Abstract motion-based animations constitute analog performers relevant to at least a subset of (classical) music. If we have been successful in arguing for the acceptance of the aforementioned premises, this work should be considered a systematic contribution to the semiotics of music in the form of an investigation into the possibility of systematic frameworks of analogical performers in the sense of abstract movement-based animation. that seem applicable to at least a subset of (classical) music.

ENDNOTES

In Charles Sanders Peirce's Semiotics, the interpreter in the process of 'semiosis' should cooperate with the so-called statements and the 'correctness' of non-verbal symbols also play a key role in Nelson Goodman's aesthetics and epistemology (see Goodman 1976, ch. 6). The analogue medium is usually inserted into a smooth tabula rasa in preparation for receiving the print. creative activities.

The resulting echo is an analogy of the reality it echoes: it tends to have curves where its origin has curves, and is flat where the original is. The reason for this similarity is that information is essentially being copied from one physical material to another. In order to achieve their transaesthetic epiphany, they convert material information into numerical entities rather than transcribing it from one physical substance to another.

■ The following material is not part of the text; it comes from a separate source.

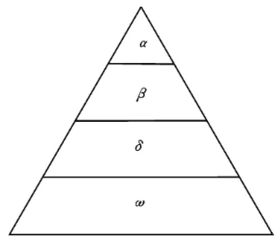 Grey wolves belong to the Canidae family and are considered apex predators. They have a very strict social hierarchy, which is generally divided into four levels, as shown in Figure 1. The first layer of the pyramid comprises the leader in the population, called α, which is mainly responsible for the management of all the wolves. The second layer is called β, and comprises subordinate wolves that assist the α in decision-making or other pack activities. The third layer is δ, it comprises wolves that submit to decisions and orders from α and β, but they dominate the wolves in the lowest layer. At the bottom of the pyramid is ω, which comprises wolves that are mainly responsible for the balance of internal relations of the population.

The material that makes up this book is incidental to the information stored, unlike the constitutive material that defines an analog medium (Binkley 1997: 109). For example, many pieces of music are short, but an illustration of formal brevity rarely occurs in music, and there is an important way to refer to it when it does (an example is the fourth movement of Chopin's Piano Sonata Op. 35 in B minor). For example, score-based simulation of musical movement could play a key role in experiments related to audiovisual synchrony (see Lewis & Noppeney 2010).

Before and below 'Theory of Mind': embodied simulation and the neural correlates of social cognition". Computational music representation based on the generative theory of tonal music and the deductive object-oriented database. Morphological Metrics: An Introduction to a Theory of Formal Distances', Proceedings of the International Computer Music Conference.

Forces, containers and paths: role of body-derived image schemas in the conceptualization of music'. Extracting the beat: an experience-dependent complex integration of multisensory information involving multiple levels of the nervous system', Empirical Musicology Review.